BEGIN
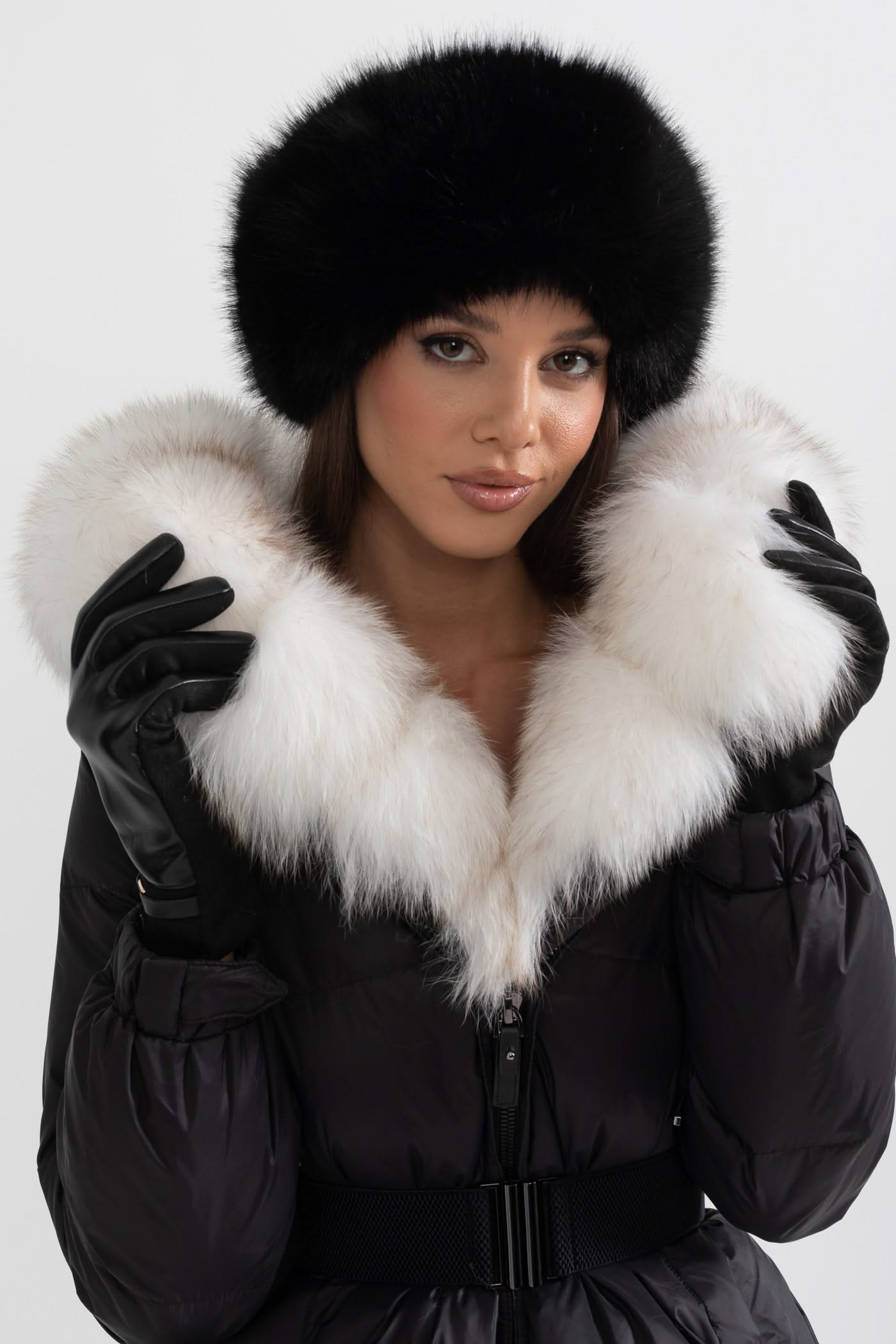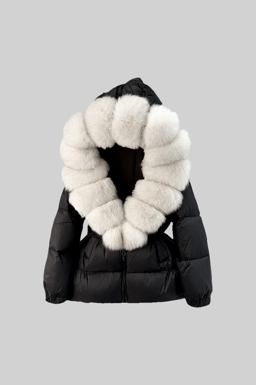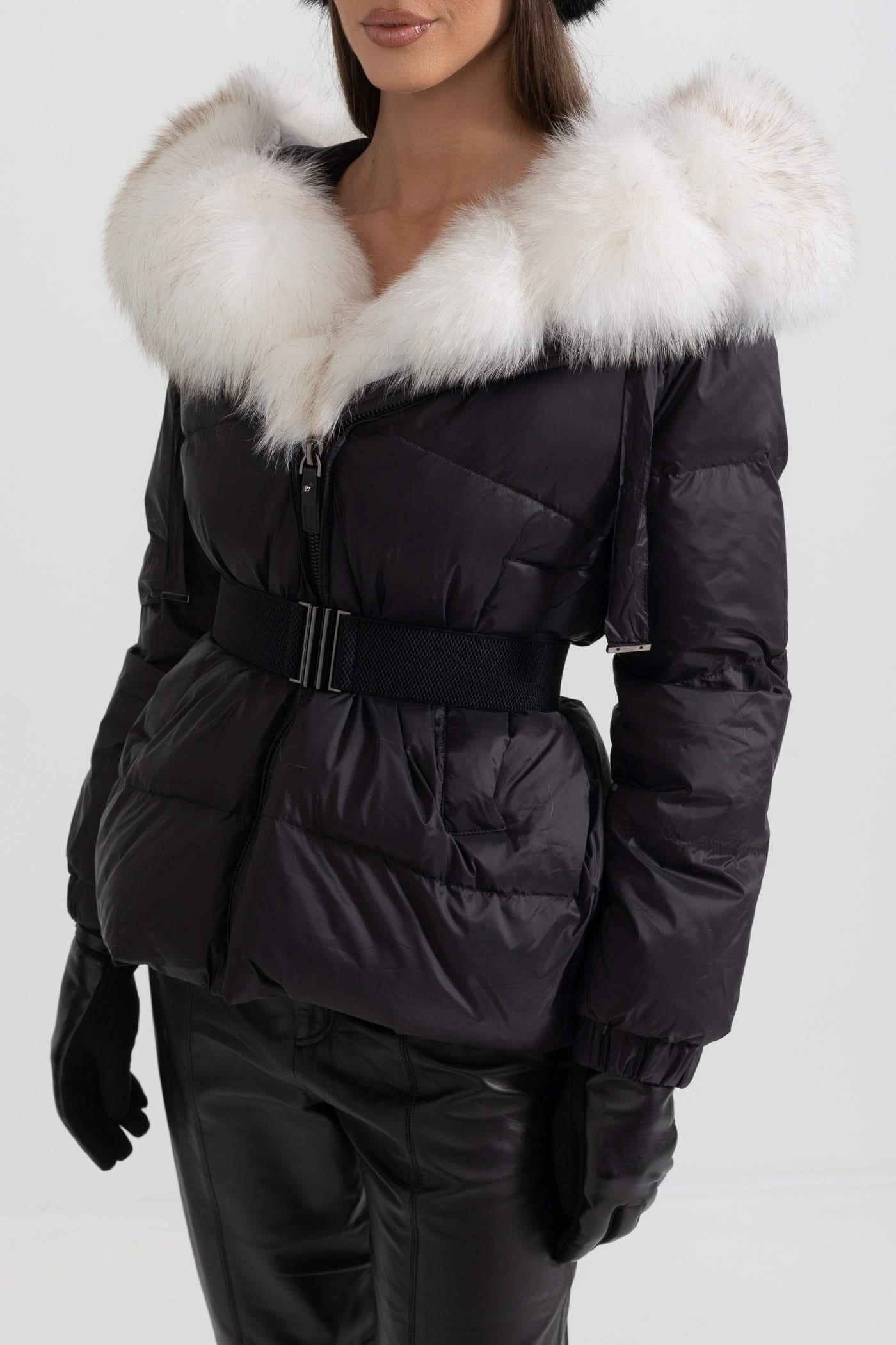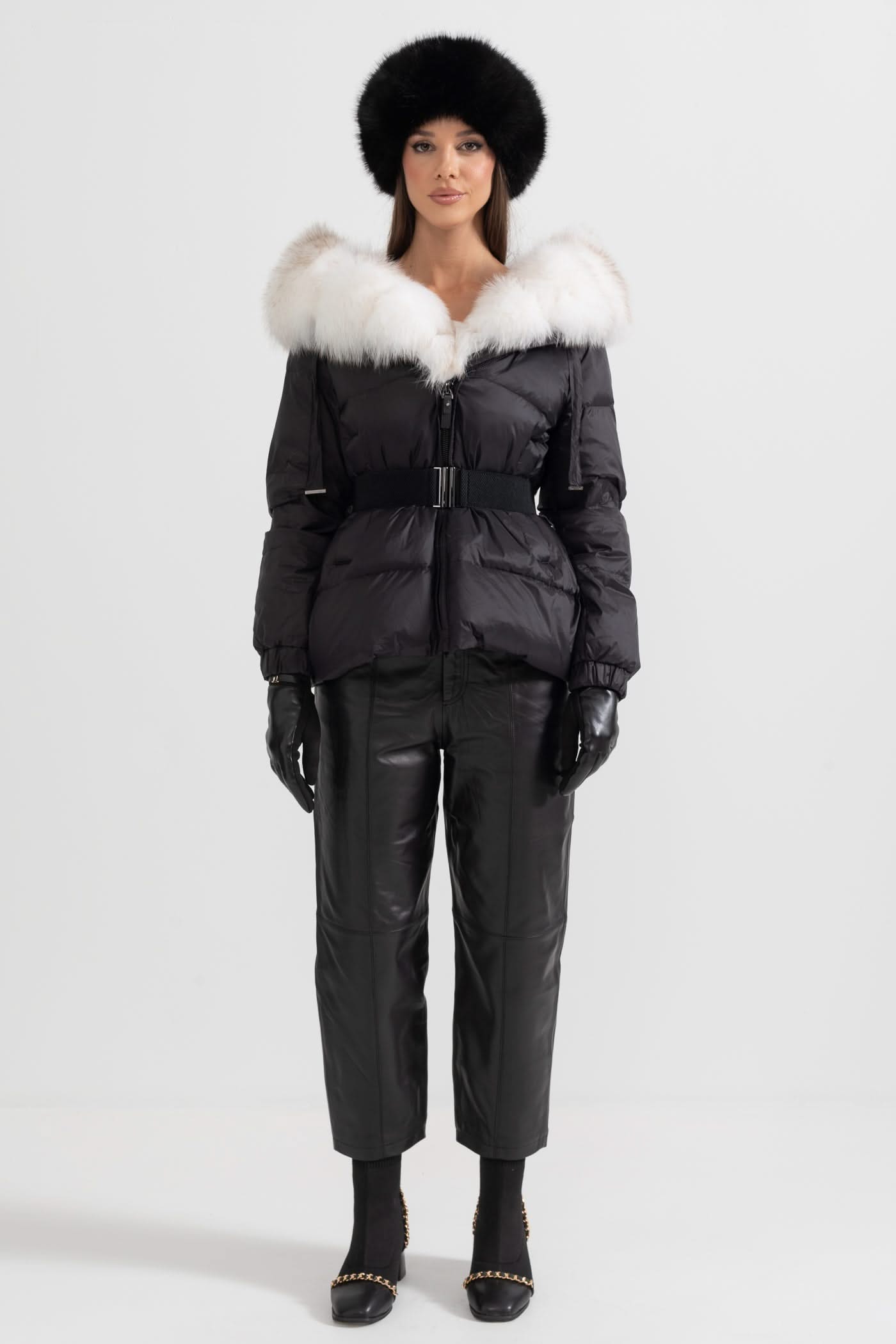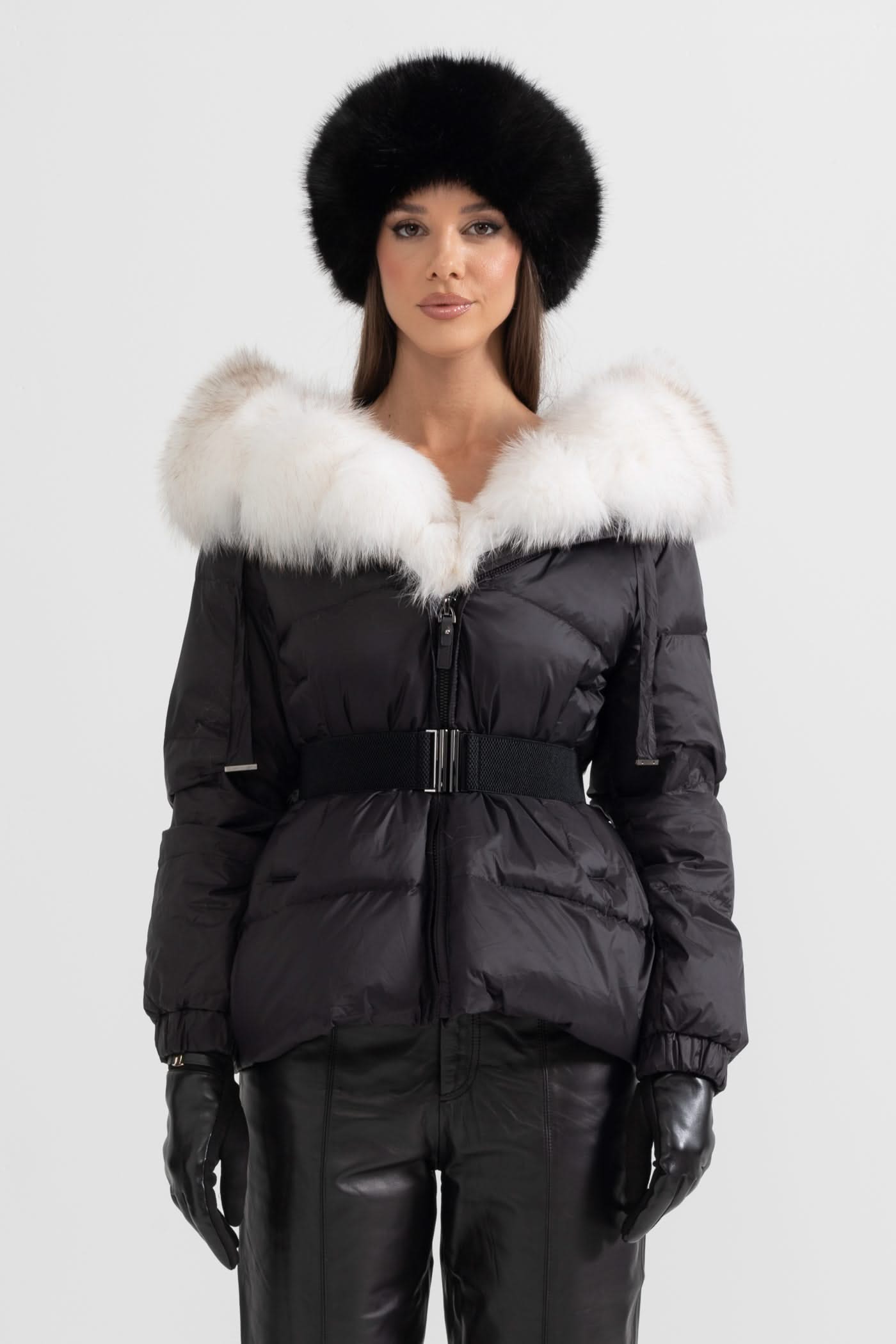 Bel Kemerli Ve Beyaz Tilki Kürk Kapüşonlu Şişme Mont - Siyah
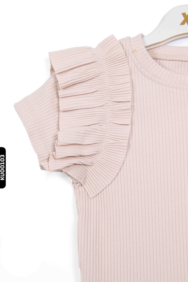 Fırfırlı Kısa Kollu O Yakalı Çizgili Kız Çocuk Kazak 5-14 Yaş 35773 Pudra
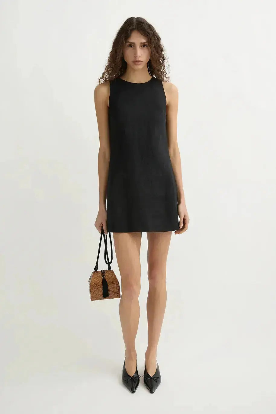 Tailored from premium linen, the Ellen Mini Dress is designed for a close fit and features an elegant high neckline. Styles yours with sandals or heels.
END
- TASK TO CARRY OUT
With the pictures removed, set down every line of the listing above exactly.

- RESULT FOR THIS TASK
 Bel Kemerli Ve Beyaz Tilki Kürk Kapüşonlu Şişme Mont - Siyah
 Fırfırlı Kısa Kollu O Yakalı Çizgili Kız Çocuk Kazak 5-14 Yaş 35773 Pudra
 Tailored from premium linen, the Ellen Mini Dress is designed for a close fit and features an elegant high neckline. Styles yours with sandals or heels.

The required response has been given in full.